***
Марте так редко снились сны, что она не сразу начала осознавать, что происходящее вокруг неё — не что иное, как сон. Красочный, пугающий до дрожи своей реалистичностью, сон. Сон длиною если не в вечность, то очень близкий к тому. Она блуждала по тёмным коридорам собственного дома. Непривычно темным. Казалось, они тонули в зимнем полумраке. И каждый раз, когда девушка дёргала дверь чьей-то комнаты, она вновь оказывалась в начале пути — у лестницы рядом с закрытыми дверями гостиной. Марта пыталась войти в свою спальню, в спальню отца, в комнату Мегги — и ничего. Каждый раз её отбрасывало к лестнице. К тёмной лестнице, откуда почему-то тянуло холодом, словно где-то на втором этаже не закрыли окно и по дому проносился сквозняк. Леденящий и какой-то пугающий. И каждый раз глядя на лестницу, она ловила себя на мысли, что боится подняться. И вновь шла по коридорам первого этажа к дверям, где всё начиналось сначала. Она блуждала и блуждала. В полном одиночестве. Без права на выход. Сколько длился её сон, Марта не знала, ведь часы в коридоре каждый раз показывали ровно семь вечера. Почему именно это время, девушка не знала, однако, каждый раз глядя на часы, вспоминала мамино свидетельство о смерти. Терры Рудбриг не стало в шесть минут восьмого. Она умерла от остановки сердца, лёжа в своей кровати. Исхудавшая, скорее даже иссушенная. Больная. В семь часов она попросила у Марты чаю, и, когда та зашла спустя каких-то десять минут с подносом в руках, мамы больше не было. Марта помнила пустой взгляд матери, направленный в окно. Смерть никогда не приходит по расписанию, она всегда ждёт за углом, чтобы внезапно зайти за чашечкой чая. В какой-то момент Марта просто перестала смотреть на часы, потому что вспоминать было больно. Мучительно больно. Блуждать по коридору тоже больше не имело никакого смысла, раз уж всё вновь и вновь повторялось. Сев на нижние ступени лестницы и приложив голову к одному из столбиков, Марта решила просто ждать. В какой-то момент она всё равно должна проснуться — сны ведь не длятся вечно, верно? Но часы, то и дело попадавшиеся на глаза, стояли. А времени будто не существовало и вовсе. В тёмных коридорах, кроме часов, была лишь Марта. Марта и призрак маминой смерти в глубине дома. Увы, недостаточно далеко, чтобы не обращать на него внимание.Глава 5. Разбитая Ведьма
17 ноября 2023 г. в 19:02
Коулу пришлось помогать госпоже Еве тащить огромную медную лохань в центр амфитеатра. Хорошо хоть на постамент поднимать не заставили. Да и воду тащить пришлось тоже ему — воды в амфитеатре не было, и они с Кеторин набирали её в ближайшем доме, в который их пустили перепуганные жильцы, смотревшие на ведьму так, словно увидели призрака.

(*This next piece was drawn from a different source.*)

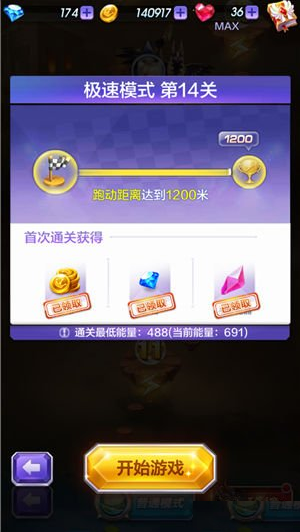 在天天酷跑3D中极速模式第14关又提升了一个难度,本关要求跑动距离达到1200米,通关最低能量需要达到488。那么玩家如何才能三星通关呢?建议大家提升人物的等级使人物体力达到本关要求,下面西西就为大家带来极速模式第14关的三星通关攻略。

В Шарпе творилось что-то невероятное. Небо — если его можно было так назвать, — изменилось, окрасившись пред закатными красками. Что было самую малость необычным, ведь оно не имело источника света, однако за счёт неравномерного окраса и наложения цветов, небо над их головами казалось объёмным. Изменения пугали Коула, но не так, как жителей городка — перепуганные, они толпились на улицах и смотрели по сторонам. Казалось, для них рухнул целый мир.
Коул же раз за разом ловил себя на мысли, что словно бы становится участником исторических событий. Что когда-нибудь потом на этот день будут смотреть сквозь призму времени и обсуждать их самих и их действия.
И про Коула непременно скажут, что он таскал ванну и воду ради женщины, которую хотел убить. Раньше хотел. Теперь он от неё зависел. Что станет с ним, если Марта умрёт? Этот вопрос пугал его куда больше, чем изменившееся небо.
А ещё мужчина испытывал жалость к девушке, которая лежала на постаменте в амфитеатре. Теперь он знал Марту куда лучше и считал её не просто ведьмой, а человеком, заслуживающим жизни. Хотя, наверное, то были не совсем правильные слова: он всё же не имел права судить, кто заслуживает жизни, а кто — нет.
Сначала было странно видеть во враге человека. Но Коул ведь не слепой и не мог закрывать глаза на всё вокруг: он постепенно подмечал детали, и в какой-то момент его мир перевернулся с ног на голову. Он начал видеть в Марте не ведьму, а девушку. Перепуганную девушку. Старшую сестру, дочь, девочку, спасённую его братом... Теперь он не мог видеть в ней просто ведьму. Больше не мог.
Теперь он доверял Марте, чего не мог делать раньше. Доверял, сочувствовал и переживал. Переживал настолько, что не мог найти себе места, когда порученные задания были выполнены, и молчаливо маячил за спиной госпожи Евы, чем изрядно её доставал. В какой-то момент та даже вспылила и выставила его вон из амфитеатра, отправив с ним Кеторин в качестве то ли охранника, то ли сопровождающего. И не сказать, чтобы они оба были довольны таким раскладом дел.
Кеторин Коул не то чтобы не доверял… Он её недолюбливал. Женщина была слишком сильна что физически, что духовно. С такими Коулу было тяжело.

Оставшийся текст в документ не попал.